Robin Robertson's The Long Take (Pan Macmillan, Picador) is up 340%, seeing sales of 2,488 in hardback in the 'Poetry Non-fiction' category, thanks to its genre-defying characteristics as the Man Booker's first novel in verse ever shortlisted.
The bookies' favourite, 27-year-old Daisy Johnson, has seen an uplift of 275% for her novel Everything Under (Vintage, Jonathan Cape), selling 5,241 copies to date; sales of The Mars Room (Vintage, Jonathan Cape) and 500+ page novel The Overstory, by US authors Rachel Kushner and Richard Powers, are up 144% at 4,214 copies sold and 72% at 3,996 copies sold, respectively; and Canadian author Esi Edugyan's Washington Black (Serpent's Tail) is up 104% at 3,710 copies sold.

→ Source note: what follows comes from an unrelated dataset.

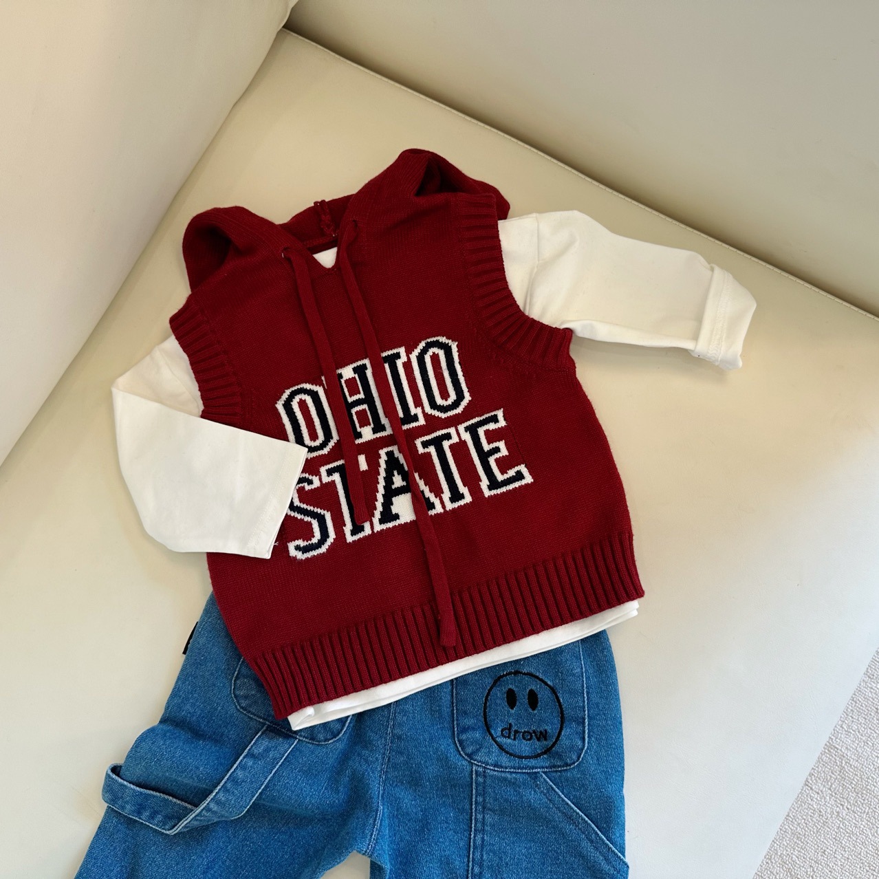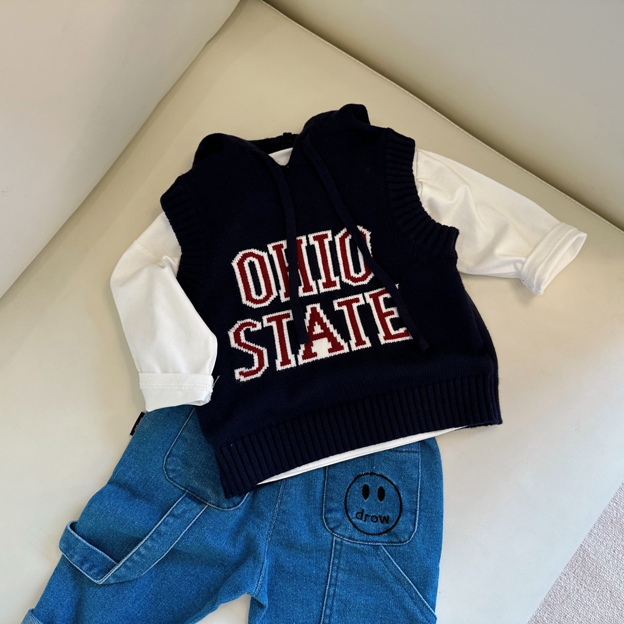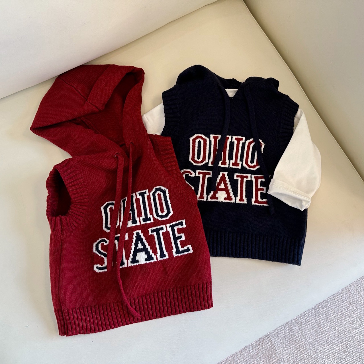 아기 니트웨어 조끼 가을 새로운 소년과 소녀 후드 조끼 아기 한국어 느슨한 편지 조끼스토어 가기

By way of contrast, whereas the total shortlist has sold a total of 23,000 copies, the longlisted titles that failed to make the final cut have sold a combined 127,260 copies. Bauer's Snap (Bantam) shifted 59,599 copies, Sally Rooney's Normal People (Faber & Faber) 24,860 copies and Michael Ondaatje's Warlight (Jonathan Cape) 13,199, the latter two both in hardback. Graphic novel Sabrina (Granta) has sold 6,667 copies, again more than any title on the shortlist.
Looking back to five years ago, the 2013 longlist sold 90,030 copies in total, but the shortlist (without winner The Luminaries (Granta)) sold 200,413 copies in total.

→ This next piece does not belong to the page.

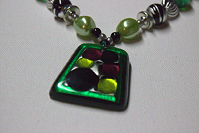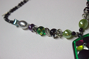 Chunky green lampwork pendant strung with purple, silver, silvery blue, black and green beads. 20.5" long w/2" extension, lobster claw clasp.

Predicting the outcome at this evening's Man Booker Prize ceremony, Ladbrokes made the prize's youngest shortlistee, Johnson, the 9/4 favourite to win with Everything Under, while Powers was given odds of 5/2, Edugyan odds of 7/2, Robertson of 5/1, Burns of 6/1, and Kushner of 7/1.
An hour-long documentary chronicling the Man Booker Prize’s 50-year history aired on BBC Four last night, featuring founder Tom Maschler, past winners John Banville, Eleanor Catton, Anne Enright, Penelope Lively and Ben Okri, and 2018’s chair of judges Kwame Anthony Appiah.
With reference to the decision to open up the Prize in 2014 to all nationalities including Americans, Golden Man Booker Prize judge Robert McCrum defended the decision in the documentary, saying, “If you are going to have the world’s number one English-language prize and you don’t include the world’s number one English market place, America, it’s slightly ludicrous.” But former judge and journalist Alex Clark posited the rule change had “made it hard to focus on this particular literary culture”.